I don't know about hiring a professional "sound guy' to move the speakers but I think you want some qualified Riggers to rehang them under direction of the Sound Consultant. Especially if they are having to move rig points.


----------



## MNicolai (Jan 12, 2018)

Van said:


> I don't know about hiring a professional "sound guy' to move the speakers but I think you want some qualified Riggers to rehang them under direction of the Sound Consultant. Especially if they are having to move rig points.



Important distinctions. Most professional AV firms have installers qualified for this kind of work if in fact you need it to be performed.

"Sound guys" tend to neither be qualified in rigging nor in consulting.
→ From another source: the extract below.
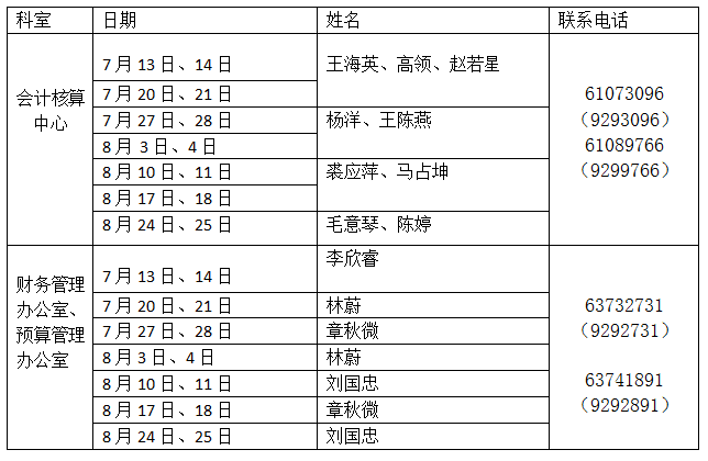 暑期项目申报、结题涉及财务审核与盖章,请在值班时间联系预算管理办公室、财务管理办公室值班人员办理。
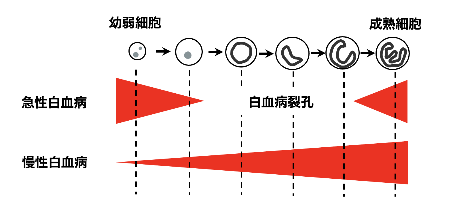 また、急性と慢性の違いは、症状の経過時間ではなく、白血球の分化成熟段階のどこで腫瘍化したかによって決まる。

Unless this guy has a resume to show he knows how to design sound systems -- not just mix consoles -- don't let him near your speakers, and don't let anyone near your speakers under his direction.


----------



## themuzicman (Jan 12, 2018)

FMEng said:


> It looks to me like turning the speakers will result in a large coverage hole in the middle of the house, plus nasty reflections off the side wall. There are no magic bullets for eliminating feedback. Keeping the number of open mics low, and controlling levels carefully will resolve most problems. Re-installing the FBX 2400 would also help. There's no reason it can't be used with your console.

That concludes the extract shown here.